近年の住宅は気密性や断熱性が高いため、新築であってもカビが生えることがあります。念願の新築住宅を手に入れたにもかかわらず、カビが発生してしまったらショックを受けるのは当然のことです。
カビを放置していると健康被害なども生じるおそれがありますので、カビを発見した場合は早期に適切な対応を行うことが大切です。また、カビの原因によっては、施工業者の責任を問える可能性があります。泣き寝入りせず対策を講じましょう。
今回は、新築でもカビが生える原因やカビを発見したタイミング別にすべきこと、相談先について、ベリーベスト法律事務所の弁護士が解説します。
新築でもカビが生えることがあります。カビが生える主な原因としては、以下のものが挙げられます。
構造上ではなく、土地の問題で新築の家にカビが生じることがあります。
たとえば、建築した土地が以下のような場所であった場合には、湿度が高くカビが発生する可能性が高くなります。
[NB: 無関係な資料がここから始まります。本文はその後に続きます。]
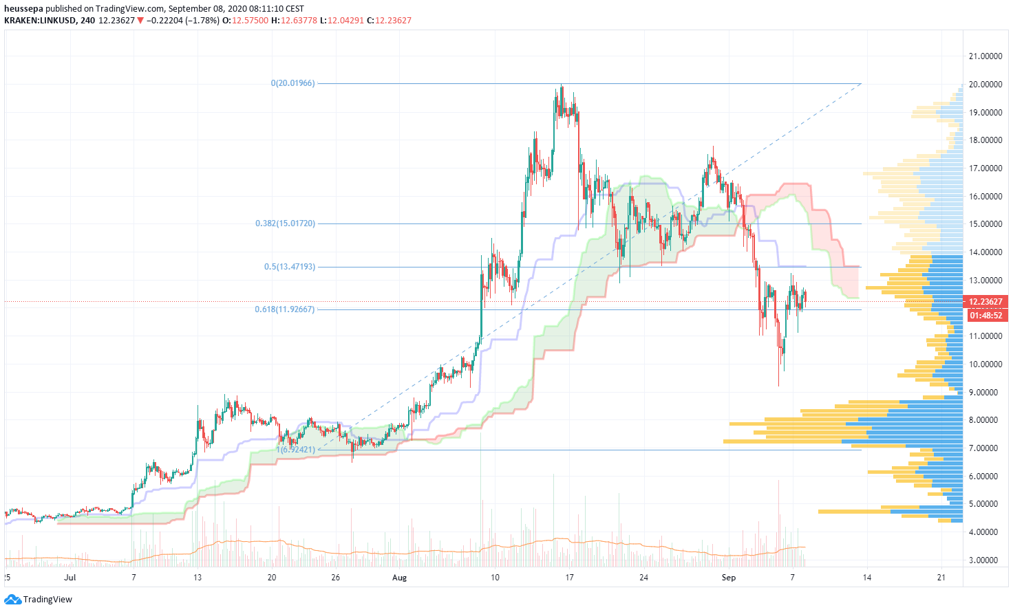 Der Ausverkauf im DeFi-Raum scheint die meisten Assets in etwa gleicher Weise betroffen zu haben. Auch hier haben wir rund 61,8% korrigiert und auch hier haben wir eine Distributionszone knapp darüber gefunden.
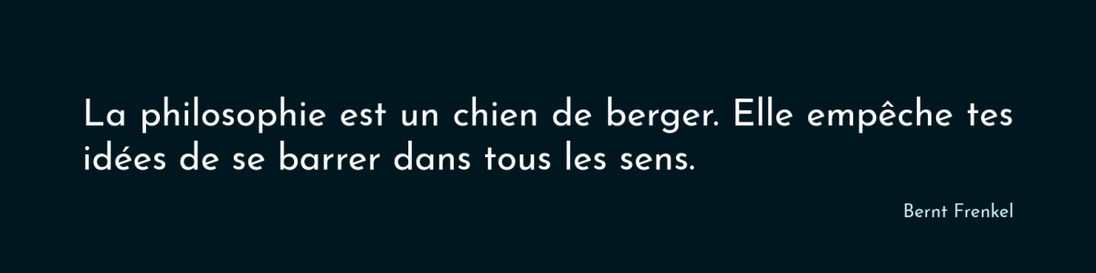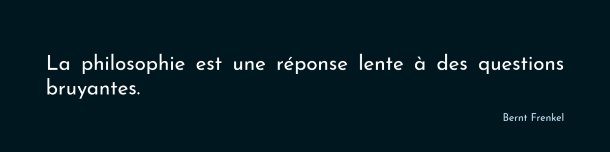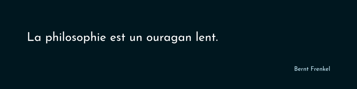 Ce site, je le souhaite comme une introduction à la philosophie. Dans un premier temps, il s'organise autour du projet La philo en 1 an, une introduction à la philosophie en 144 questions. Et mes conférences d'appartement.
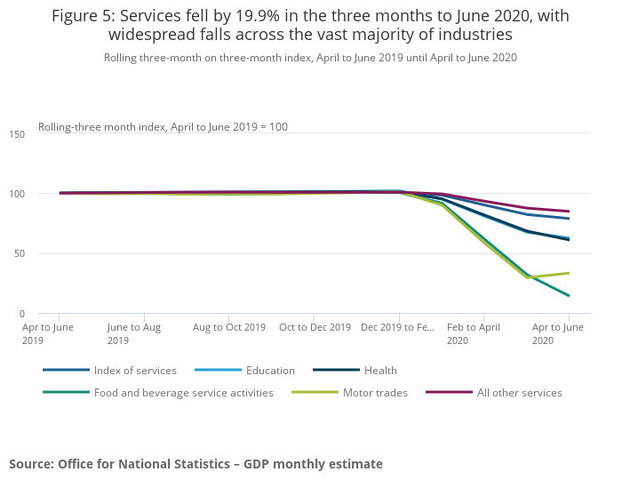 - The services sector fell by 19.9% in Quarter 2 (Apr to June) 2020
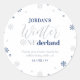 Este lindo pegatina fiesta de 1° cumpleaños presenta copos de nieve azules y plateados y tipografía elegante "Winter ONEderland". Perfecto para una fiesta temática de invierno. En mi tienda BaraBomDesign hay disponibles invitaciones y suministros para fiestas coincidentes.

宅地造成により一見すると問題ないような土地であっても、登記事項証明書などからさかのぼって過去の地目を調べることにより、カビのリスクのある土地であるかどうかを確認することができます。
近年の住宅は、住宅性能が向上しているため、新築であれば高気密・高断熱の住宅がほとんどでしょう。高気密・高断熱住宅は、冷暖房効率が上がり省エネの期待ができるなどさまざまなメリットがありますが、空気の入れ替えが行われにくく湿度が高くなるというデメリットもあります。
そのため、適切な換気の設計が図られていない場合には、湿度がこもりカビが生えるリスクが高くなります。
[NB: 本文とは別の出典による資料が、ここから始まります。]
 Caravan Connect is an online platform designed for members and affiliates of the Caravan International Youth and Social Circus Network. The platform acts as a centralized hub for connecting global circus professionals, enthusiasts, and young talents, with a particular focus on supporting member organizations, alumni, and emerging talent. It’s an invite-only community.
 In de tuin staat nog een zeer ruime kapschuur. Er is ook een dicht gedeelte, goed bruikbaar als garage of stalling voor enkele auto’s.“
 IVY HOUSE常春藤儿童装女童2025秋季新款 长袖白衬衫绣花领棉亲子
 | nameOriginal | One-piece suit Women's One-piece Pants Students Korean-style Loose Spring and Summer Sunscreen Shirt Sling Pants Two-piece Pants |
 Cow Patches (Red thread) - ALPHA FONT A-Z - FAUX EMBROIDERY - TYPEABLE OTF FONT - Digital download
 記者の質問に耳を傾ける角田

コンクリートは、セメントと水などにより作られており、コンクリートが完全に乾燥するまでには、数年の期間が必要になります。しかし、近年の新築住宅は、着工から引き渡しまで半年から1年程度の短期間の工期となっていますので、水分が完全に抜けきらない状態で新築住宅が完成してしまいます。
基本的に、コンクリートはカビの生えにくいアルカリ性の建材ですが、床下の通気が不十分な状態で基礎コンクリートの湿気がたまった場合、新築であってもカビが生える可能性があります。
日本の風土では、建築途中の雨は避けられません。建築途中に雨が降ったとしても、しっかりと雨養生をして、木材がぬれないように配慮し、ぬれた後も十分な乾燥を行えば問題はありません。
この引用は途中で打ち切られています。